嵐と聞くとイヤなイメージが湧くが、今はそんなイメージを持つべきではないと、あたまを振る。
前もって原稿を読ませてもらったが、正直、肝を抜かれた。
純文学ではない小説が、SF小説が、こんなにも面白いものだとは思ってもみなかった。
恥ずかしながら、この歳になってSF小説にワクワクさせられてしまう自分がいた。
会話表現が多いのにも関わらず、その映像が想像できる。
そして、登場人物がわかりやすいのだ。
むしろ、いままで児童文学にカテゴリーされていたものは、そのカテゴリーを飛び出し。青年や子女の心を掴むものへと変貌していた。
先日、たまたま帰ってきていた雄に話を聞いてみた。
それはちょっとした遊び心を含んだものであったが、なにかしらのきっかけを手にできるかもとの期待もあった。
「雄は、SF小説なんてものを読んだことはあるのか? まあ、子どもっぽい作品だから、読んだことが無いかもしれないけれども。世間では、そういうモノは流行っているとかを耳にすることはあるか?」
雄はキョトンとした瞳で私を見る。
少しの間を置いて、雄はその表情をクルリと変え、ニヤリと笑う。
「あぁ。すごく流行っているよ。最近じゃ小説だけじゃなく、マンガもすごい迫力のものも多いんだ。学校でも真似してSF作家みたいなことをしているやつらも出てきているぜ。
なに? 父さんの会社でもそんな本を出そうと思っているの?」
驚くことに喰い付いてきた。
最近では、ほぼ口も利かず、夕食時に会っても金の無心の話しかしていなかった。
家族との会話の中で仕事の話をするとは、なんともおかしな気分だ。
「じゃあ、雄も実際に読んでいるのか? これからも流行っていくと思うか?」
これには正直、自分でも驚いた。
私から雄に対して意見を求めるとは……。
まったく、こんなにも近くに想定読者がいたのに、市場調査をしていたとは。と自嘲する。
「絶対に流行ると思うよ。

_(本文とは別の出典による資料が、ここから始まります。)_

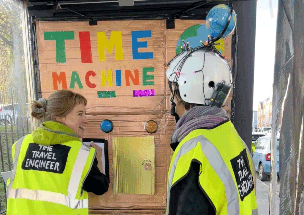 In Bristol, a team of time travel engineers journeyed back to 2025 to repurpose the energy from a digital advertising screen and install a time machine. They said that Black Friday ads are a particularly rich source of energy for time travel, so it was the perfect time and location for their flat-pack, user-friendly time machine to be installed.
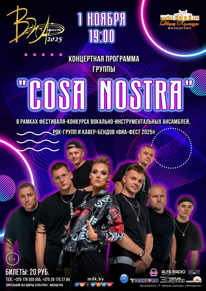 15.10.2025Во Дворце культуры г. Молодечно 1 ноября состоится концертная программа группы «Cosa Nostra». Она пройдёт в рамках фестиваля-конкурса вокально-инструментальных ансамблей, рок-групп и кавер-бендов «ВИА-Фест 2025».
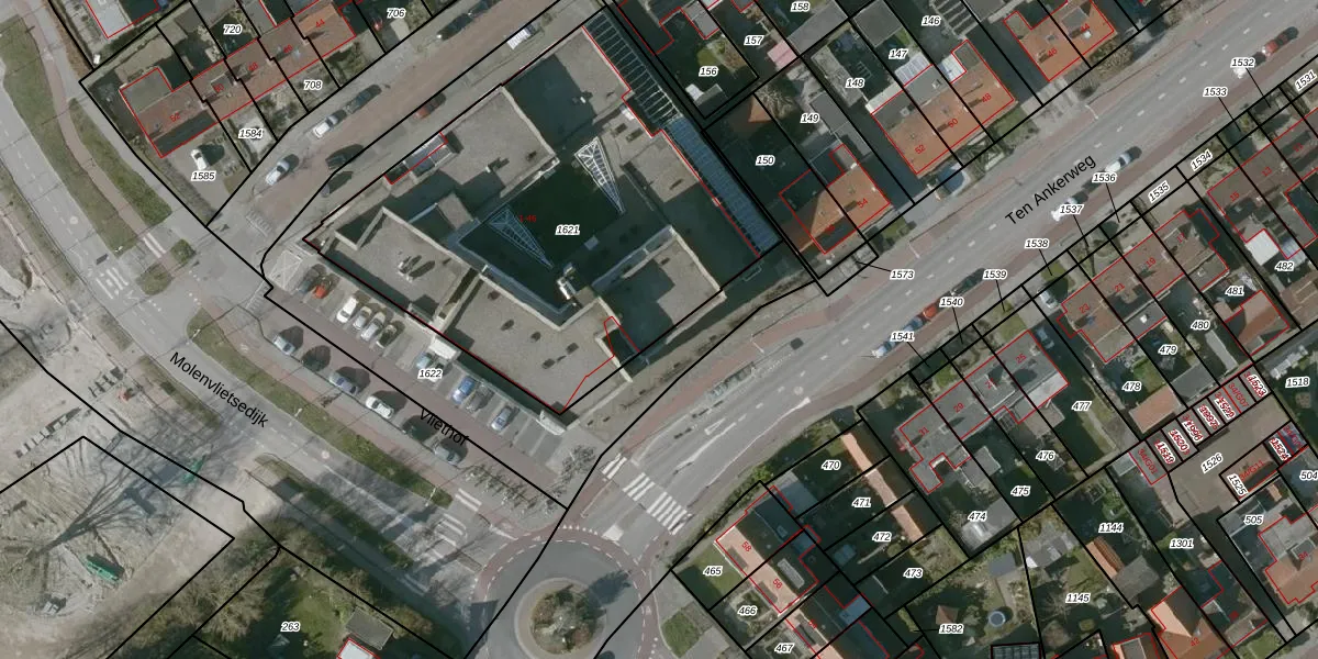 Het perceel waarop het adres ligt is TLN00-N-1621. De afkorting 'TLN00' staat voor kadastrale gemeente Tholen. Het perceel is kleiner dan gemiddeld in Tholen. Het perceel is 2292 m² groot, terwijl het gemiddelde ligt op 2,0 ha. Het kleinste perceel in de kadastrale gemeente is 0 m² groot. De grootste perceeloppervlakte is 32,13 km². Op het perceel zijn 43 adressen aanwezig. De huidige grenzen van het perceel zijn digitaal in de Basisregistratie Kadaster (BRK) geregistreerd op 21-12-2005.
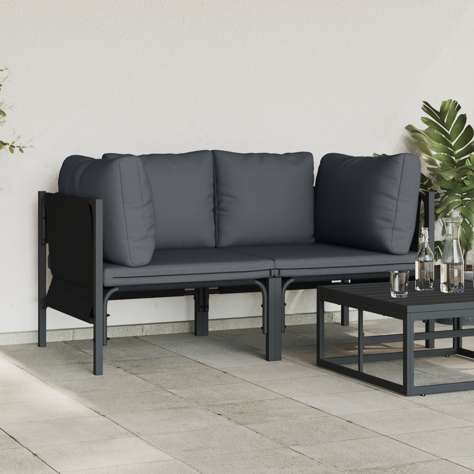 Tato outdoorová sekční sedačka je super volba pro ty, co chtějí zkrášlit svou zahradu nebo terasu. Antracitové barvy dodávají elegance a slibují pohodové chvíle. S jednoduchým designem a elegantními liniemi je ideální na večerní posezení, společenské akce nebo klidné ráno v přírodě. Její kovová konstrukce je pevná a vypadá stylově, takže se hodí do různých prostorů. Promyšlený design přináší skvělou všestrannost pro jakýkoliv venkovní prostor.
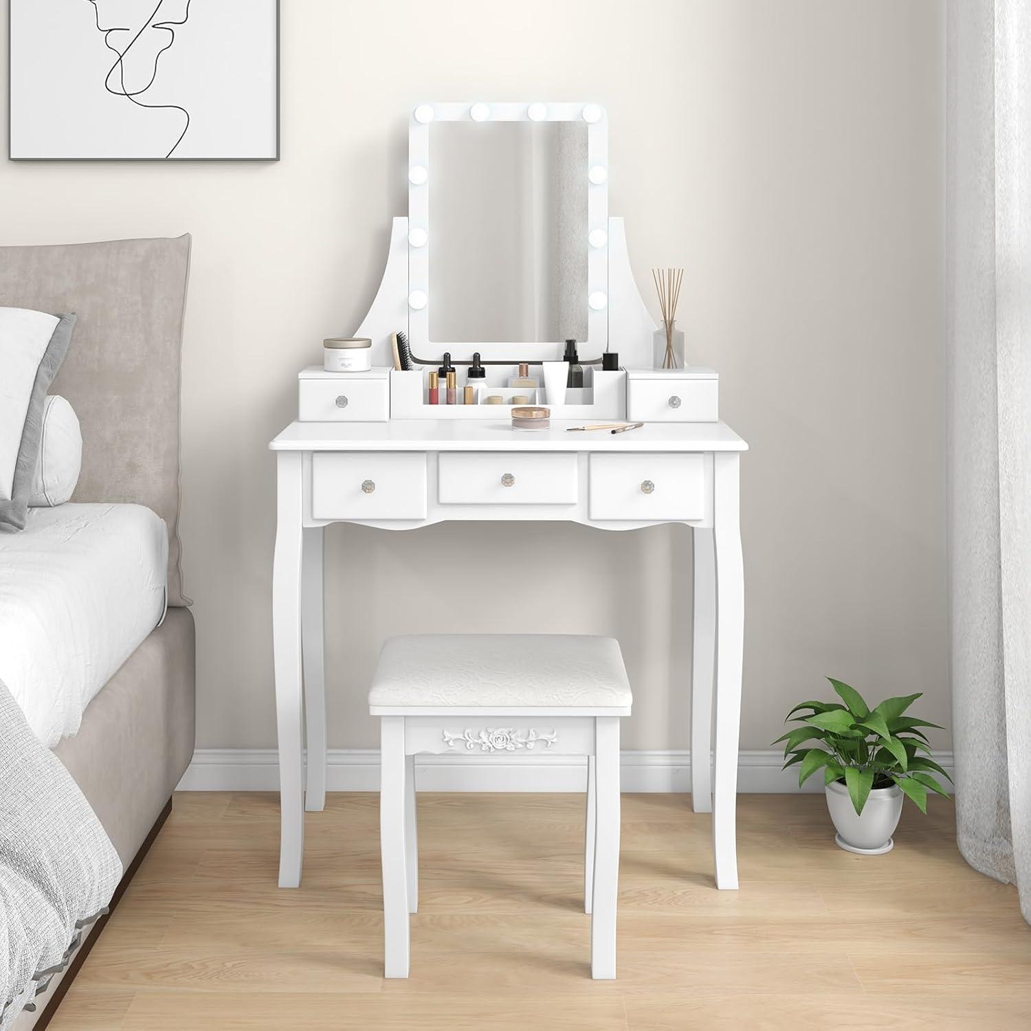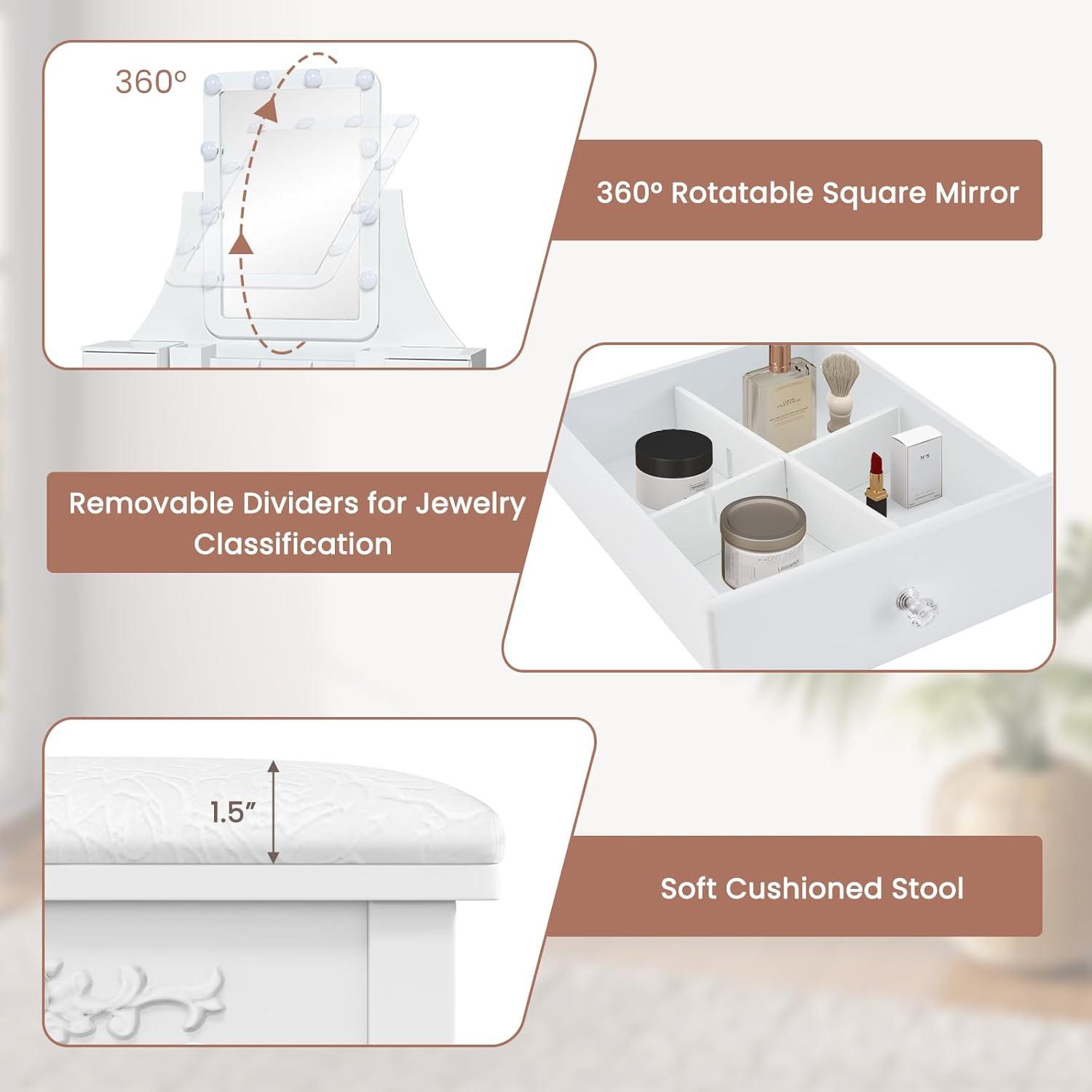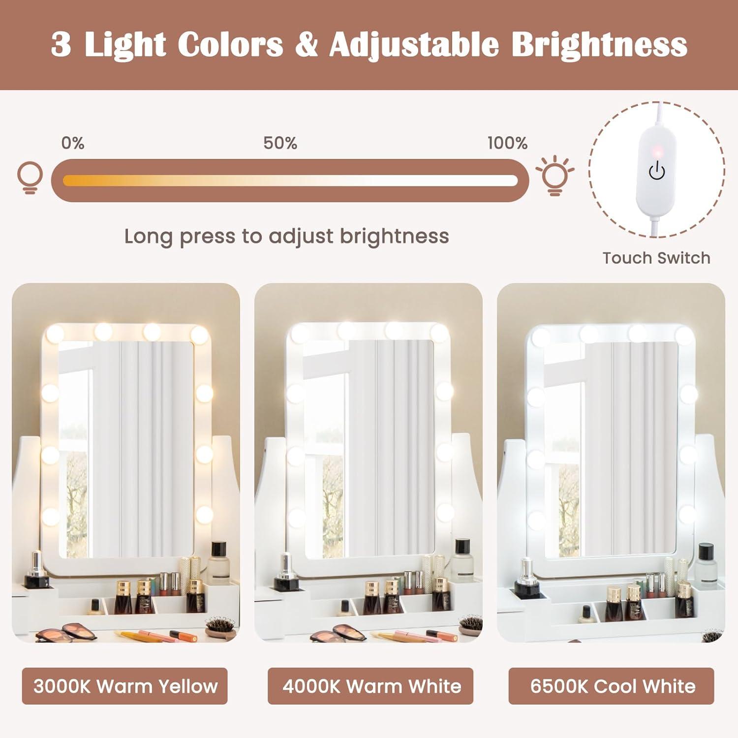 [3-Color LED Lights with Adjustable Brightness]: This makeup table features 10 LED lights with adjustable brightness and three light settings: warm yellow, warm white, and cool white. The memory function recalls your last light setting when you turn it on.
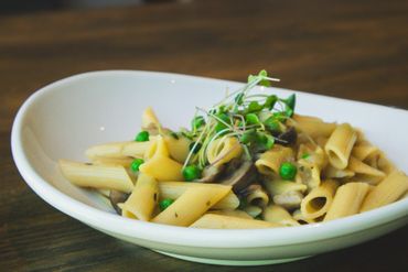 Creamy Wild Mushroom and Pea Stroganoff Over Pasta
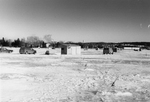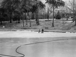 Description :DES EMPLOYES MUNICIPAUX DEBLAYENT LA PATINOIRE TANDIS QU'UN BOYAU D'ARROSAGE LA TRAVERSE. A L'ARRIERE, ON APERCOIT LE PAVILLON 2 DU DOMAINE HOWARD.
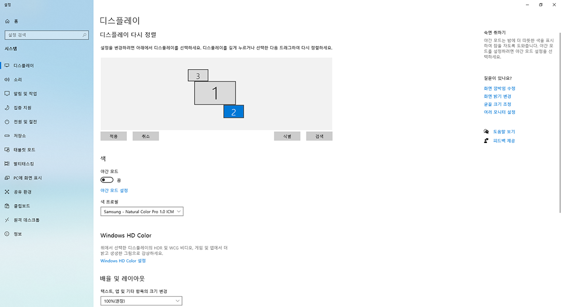 이러한 내용을 인지하고 있지 않은 상황에서 다중 모니터를 사용할 땐 다중 모니터의 각각의 영역 이동이 안 되어서 불편해 세부 조정도 해보고 그랬던 것인데 각각의 모니터 간 이동이 안 되는 이유에 대해 정확히 파악한 상황에선 기본 세팅된 상태로 사용한 게 제일 편했던 것 같습니다.
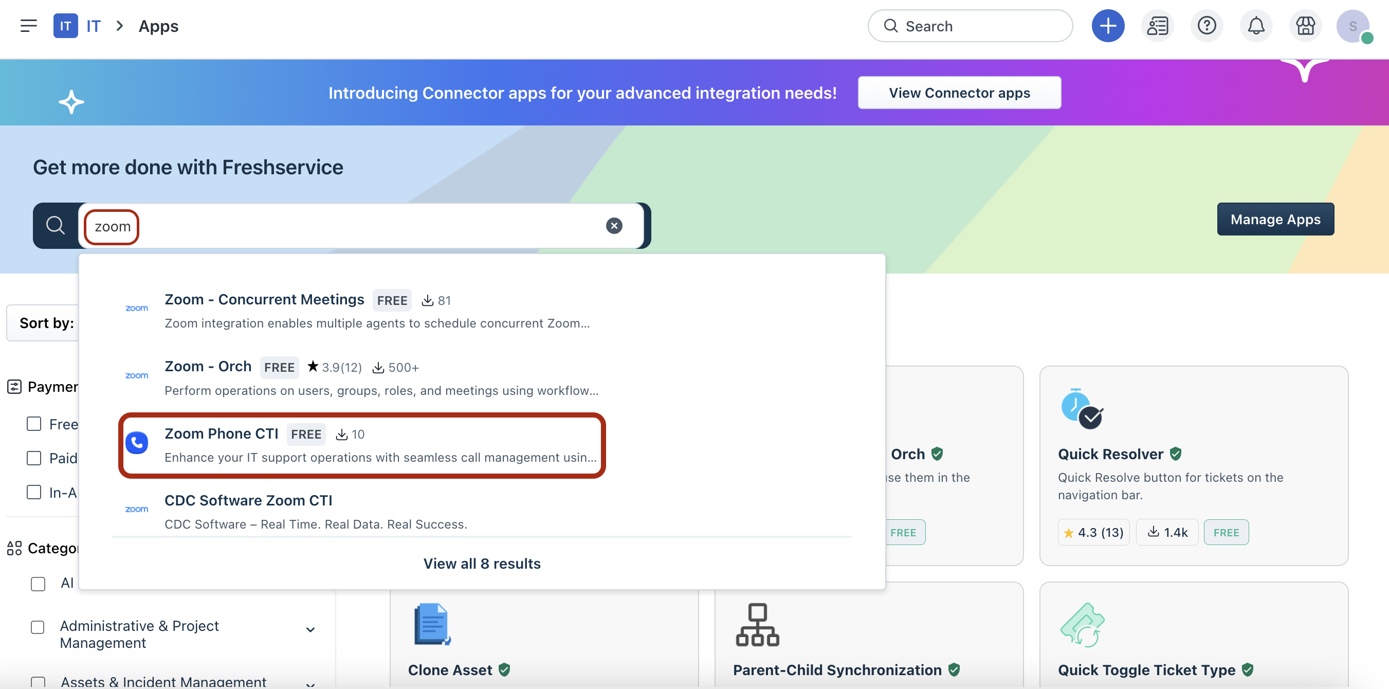 2. Search and select Zoom Phone CTI using the Search apps option.
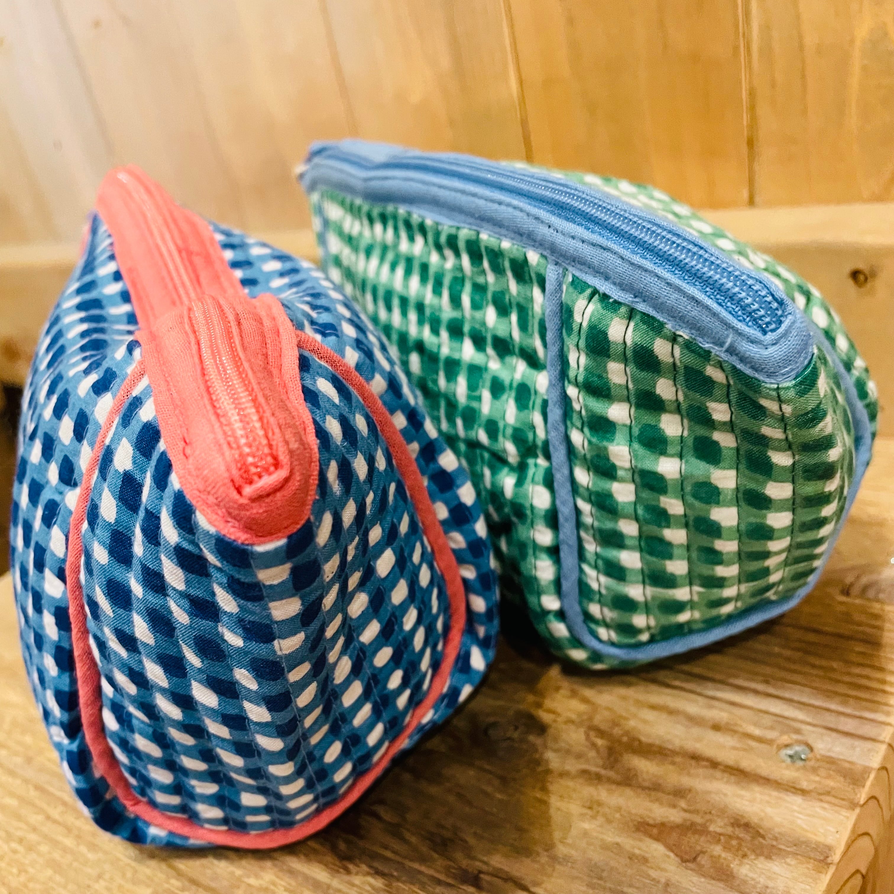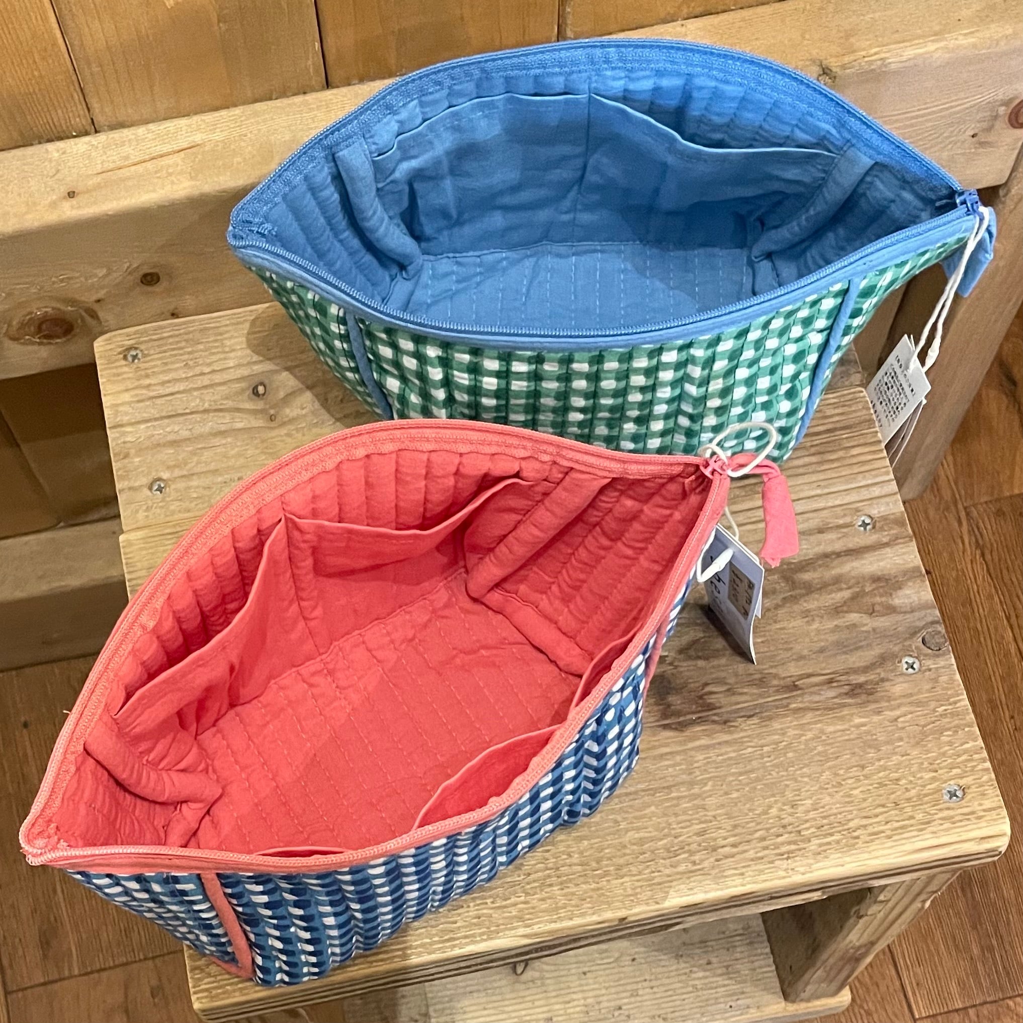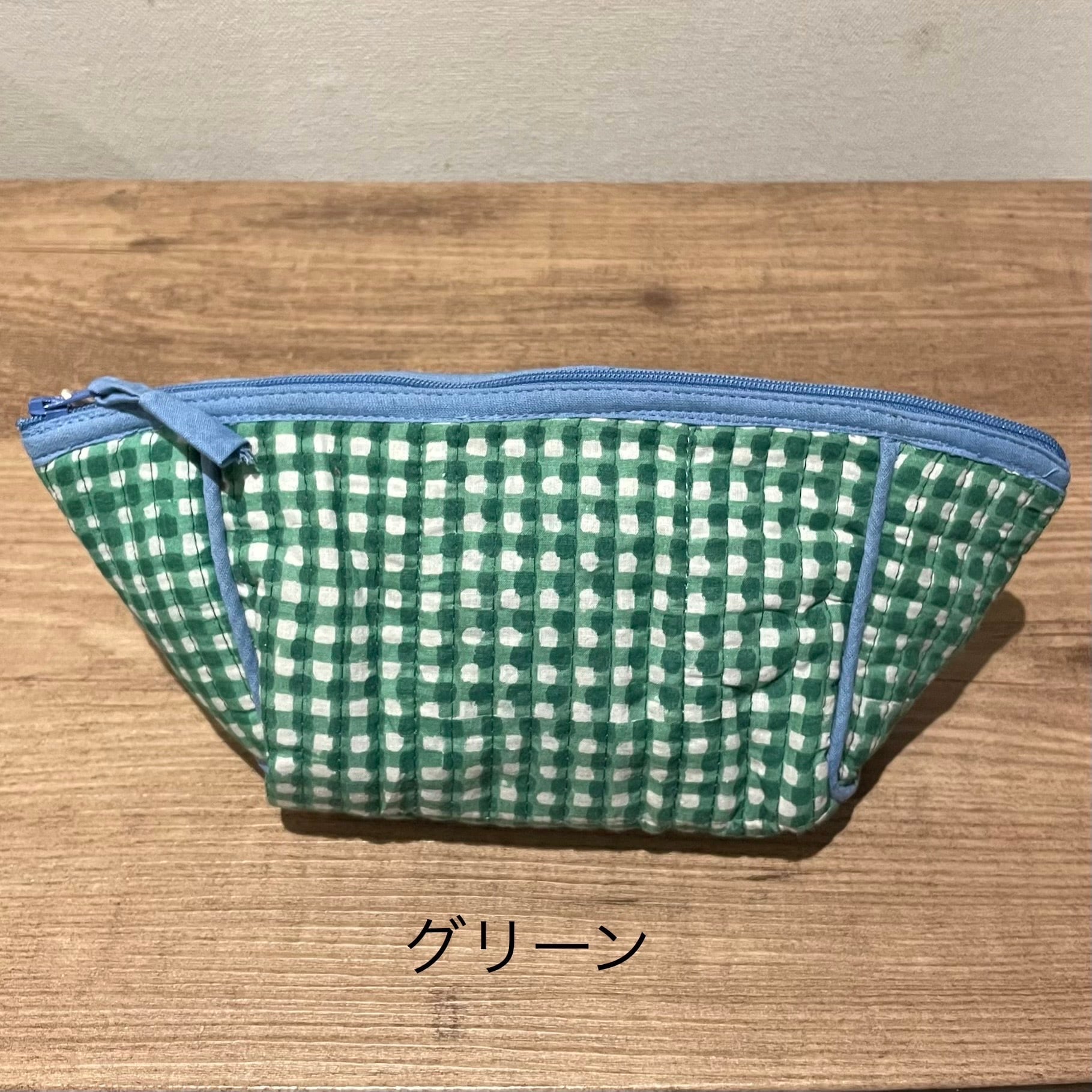 ポーチ ブロックプリント チェック 大きめポーチ バッグインバッグ 旅行ポーチ ペンポーチ

文豪とかの偉そうな文章じゃなく、肩の力を抜きながら読めるし、その中に感動があったり、学びがあったりするんだ! 若者には今後、こういった本がどんどん売れていくと思うよ!」
雄のこんな輝いた瞳を見たのは久しい。
人生とは、家族とは、なんというタイミングで再度つながるモノなのかと独り言ちる。
***
ああ、話が逸れてしまった。
元に戻そう。
この男の作品の中で一つだけ、気にかかることがある。
地球人が宇宙で戦う方法が、戦艦を使うのだ。
しかも海軍が使っていた、あの憎き名前を冠する戦艦だ。
私は、陸軍に何度も人生を狂わされてきたが、それ以上にキライなのは海軍である。
徴兵時に私は陸軍に召集され、そこで戦争や兵器、設備のイロハを学んでいた。
陸軍の教官たちは、海軍を悪鬼のように嫌っていた。
私は「同族だろ」と心の中で思っていたのだが、それは大きな勘違いだった。
ある日、うちの装備の一部を海軍の連中が引き受けに来るということがあった。
教官たちは朝から、イライラを隠せないらしく、それは私たちへの暴力に現れた。
まあ、いつものことであるのだが。
海軍の連中は、大人数で来るなりに装備を分解し、車にあっさりと積み込んでしまった。
手を貸そうとするも、
「ワンころどもの手は借りんよ」
と侮蔑に満ちた言葉を浴びせられたのだ。
取り残された私は「ワンころ?」とその時はまったく意に介していなかった。
後で知ったことだが、軍の中でも序列のようなモノがあるらしく、陸軍は海軍に見下されていることを知った。
海軍は戦火の中へ。陸軍は本土決戦における肉の壁。
つまり軍の中で陸軍は、非戦闘員であるにも関わらず、軍を名乗る輩として扱われているのだ。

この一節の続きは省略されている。